More Charter Customers Paying Controversial Broadcast Fee

Cable companies including Charter (NASDAQ: CHTR) and Comcast (NASDAQ: CMCSA) use fees as a way to charge customers more than the advertised price. These are not government-mandated taxes. Instead, they are fees people must pay in order to get the service they thought they were getting for the advertised price.

Imagine, for example, if a fast-food chain ran ads for a cheeseburger, fries, and a soda selling for $3.99 (plus any applicable taxes) but when you went to pay for the deal, they tacked on a $1 packaging fee, $0.50 in order-taking fees, and a $0.75 meat-placement fee. People would be outraged, they wouldn't pay it, and they would take their business to a restaurant that charges the price it advertises.

Cable, partly because people are simply used to their bills being higher than the advertised price, and in part because many people have limited choice, has long gotten away with exactly that type of pricing.

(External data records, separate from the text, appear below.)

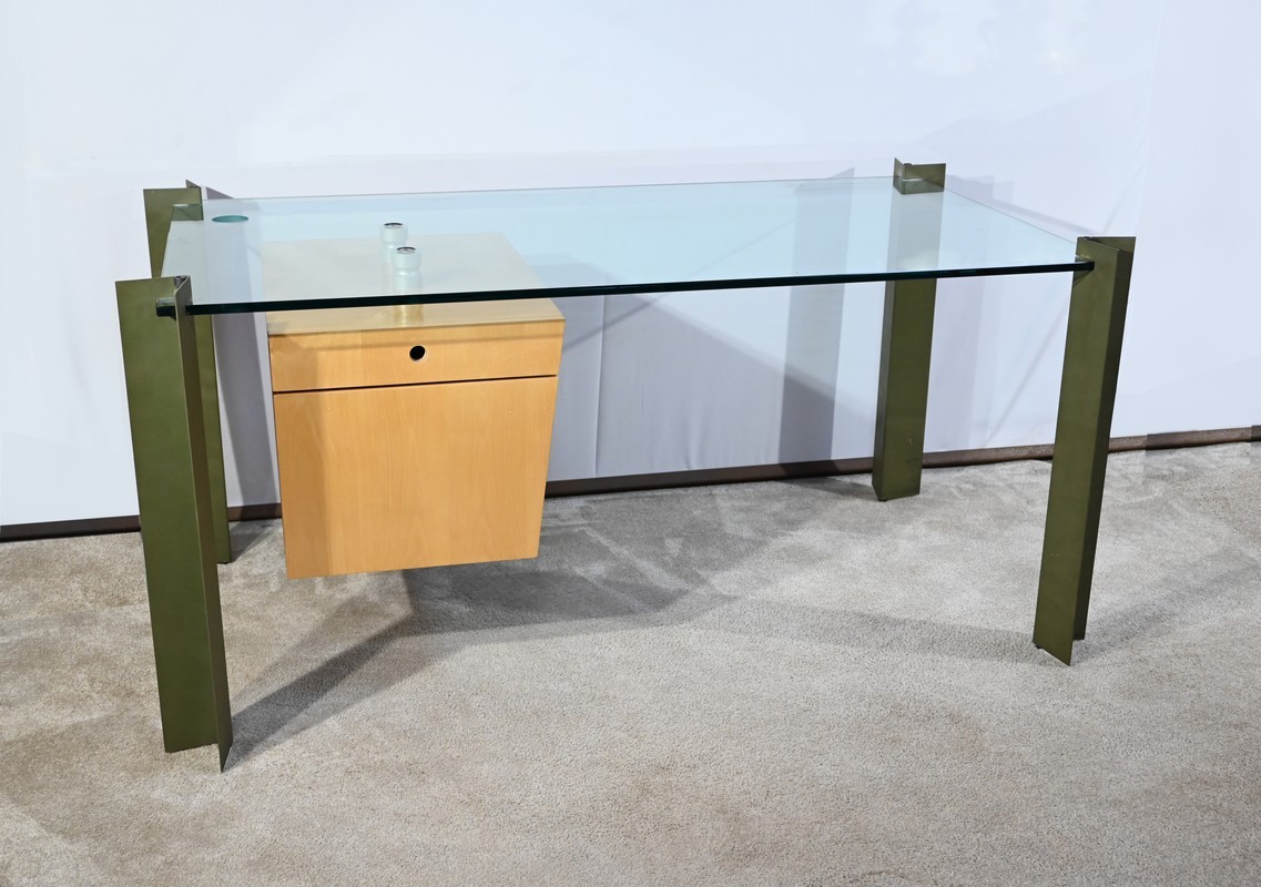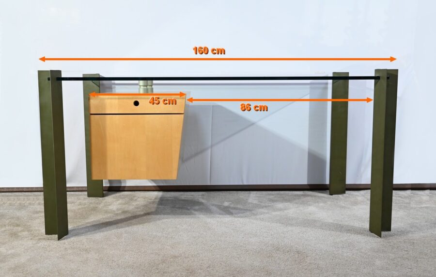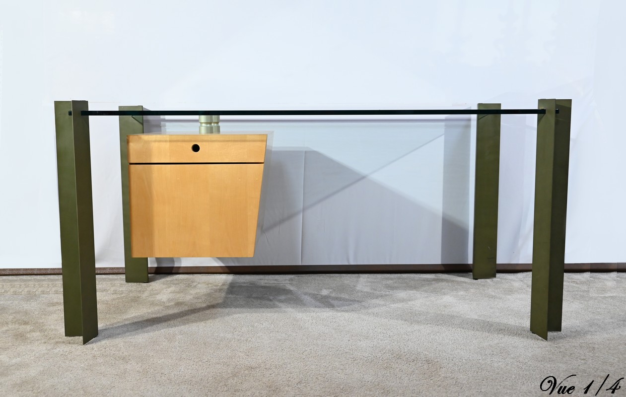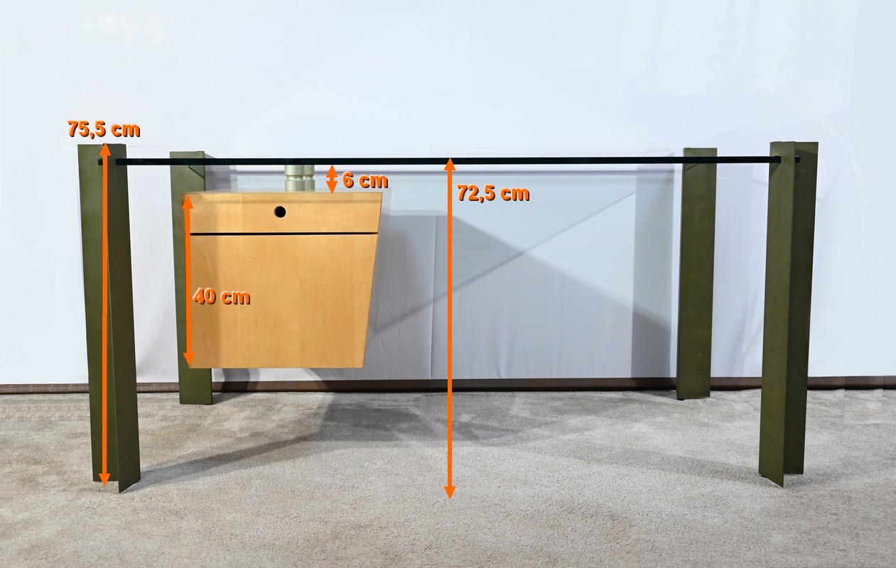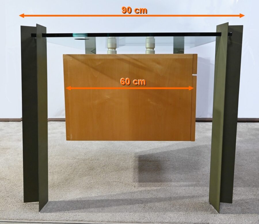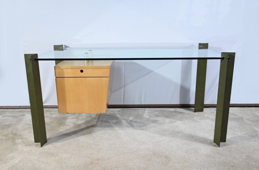Bureau en Verre et Sycomore, par J.Rondineau pour le Cabinet XI Design – Fin XXe
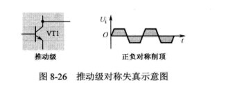 大信號的甲類放大器中,如果推動級放大管工作點在交流負載線中間,那么非線性失真會最小,如圖8-26所示。這是因為在正、負半周對稱削頂的情況下,信號的非線性失真小于非對稱(如大小頭失真,正半周削頂量大于負半周削頂量)時的非線性失真。
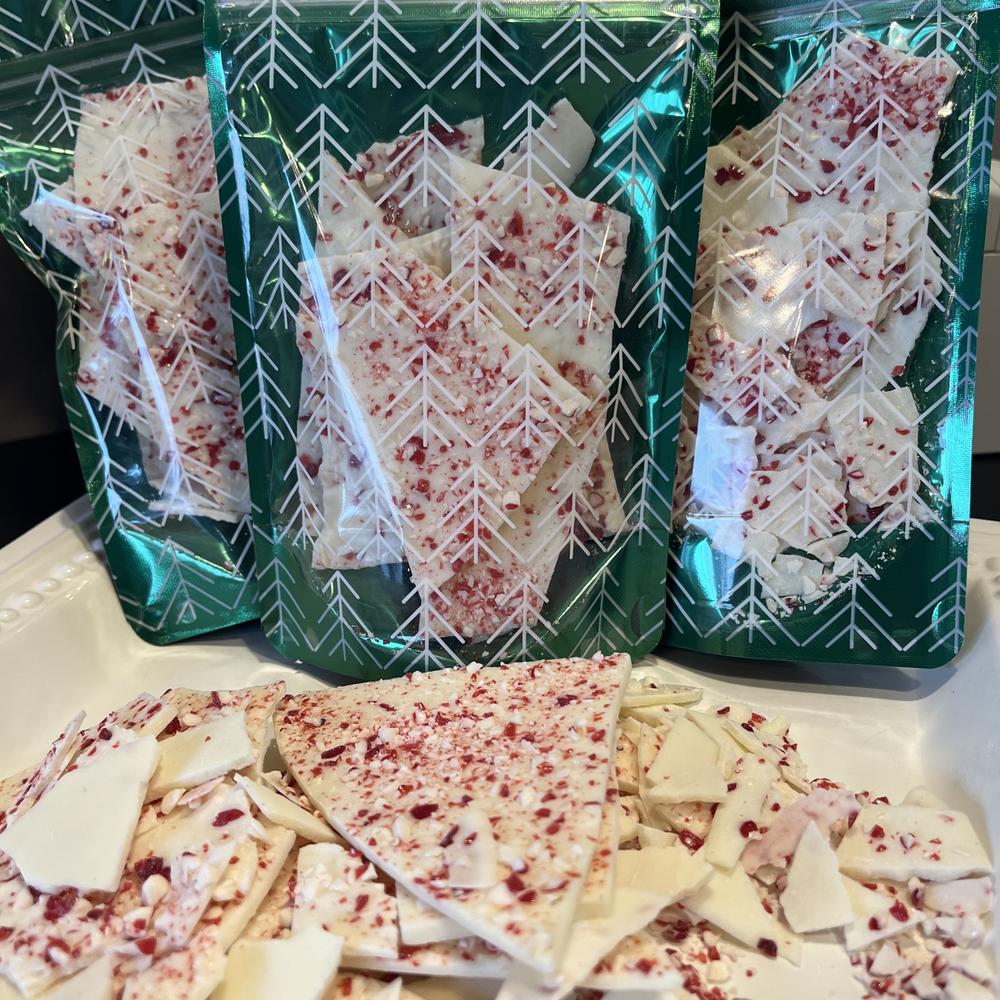 Our peppermint bark is made in house with white chocolate and peppermint candy. It is sealed in a beautiful green windowed presentation bag for gift giving.
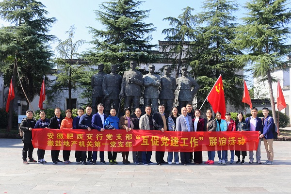 為深入貫徹落實黨的十九大精神,創新“黨員活動日”活動內容和形式,積極探索黨建工作新模式,10月26日至27日,徽鹽地產機關第一黨支部聯合合作友好單位—肥西交行黨支部赴黃山市巖寺鎮開展“互促黨建工作”聯誼活動,以“尋訪紅色足跡、瞻仰革命遺跡、緬懷黨員楷?!睘橹黝},交流國企黨建心得,提升基層黨建水平,兩個支部共26名黨員參加活動。

These fees take a lot of forms, but the most egregious one may be the "Broadcast TV Fee" that Charter and Comcast tack onto many customers' bills. This fee, which varies from around $3 to about $6 a month, passes on the cost of what the cable companies pay local channels in order to rebroadcast their signals.

People don't have the option of declining the fee, or even dropping the local channels, and now Charter, which recently bought Time Warner Cable and Bright House Media, has started to add the controversial fee to the bills of some of its new subscribers.

Some cable companies use fees as a way to inflate bills. Image source: Getty Images.

What is happening?

Charter customers in some Massachusetts territories it bought from Time Warner Cable have received notices that they will be paying a Broadcast TV fee, reported. The cable company notified customers they would be paying a $4.47 "local broadcast TV surcharge" beginning in February. Comcast has been charging a similar fee to its Massachusetts customers since 2014, according to the local news website.

Why is Charter doing this?

Adding a fee lets the company collect more money without raising advertised prices. It also might confuse some customers who think the government imposes the fee or that it's somehow out of the company's control.

Charter has been sued over this practice, according to Consumerist. The lawsuit, filed in November 2016, comes from a former Time Warner Cable customer who accuses Charter of "engaging in a massive illegal scheme of falsely advertising and promising its cable television service plans for much lower prices than it actually charges." The lawsuit [opens in PDF] does not seek any monetary damages, merely an end to the practice.

Charter made a statement to Consumerist trying to justify the two fees named in the lawsuit -- the Broadcast TV Fee and the Regional Sports Fee -- mostly by listing the fees some rivals use that it does not.

"Our customer friendly approach includes simplified pricing and packaging with no data caps, no modem fee, no early termination fee and no separate USF [Universal Service Fund] fee," Charter said. "We provide simple to understand bills and want our customers to understand what they are paying for, including the skyrocketing cost of broadcast channels."

Comcast also faces similar lawsuits over this practice. There have also been congressional hearings on the topic, but no actions came from them.

What happens next?

Unless the courts step in, probably nothing will happen. It's unlikely that a Republican-controlled Congress or a right-leaning Federal Communications Commission (FCC) will force cable companies to be up-front with customers about their bill.

There is little incentive for Comcast or Charter to change this behavior. Not all customers pay these extra fees. In some markets they have not been implemented (at least not yet) and there are some promotional deals that do not include them. But many of Comcast's over 22 million cable subscribers and a large amount of Charter's 17 million pay them in amounts that can reach $10 a month.

The only way either company is likely to kill this cash cow would be if customers got angry. That has not happened to any widespread degree, so unless one of these legal challenges succeeds, it seems likely that fees will remain a part of most cable bills. That's great for Comcast and Charter, at least in the short term, but bad for the cable-buying public.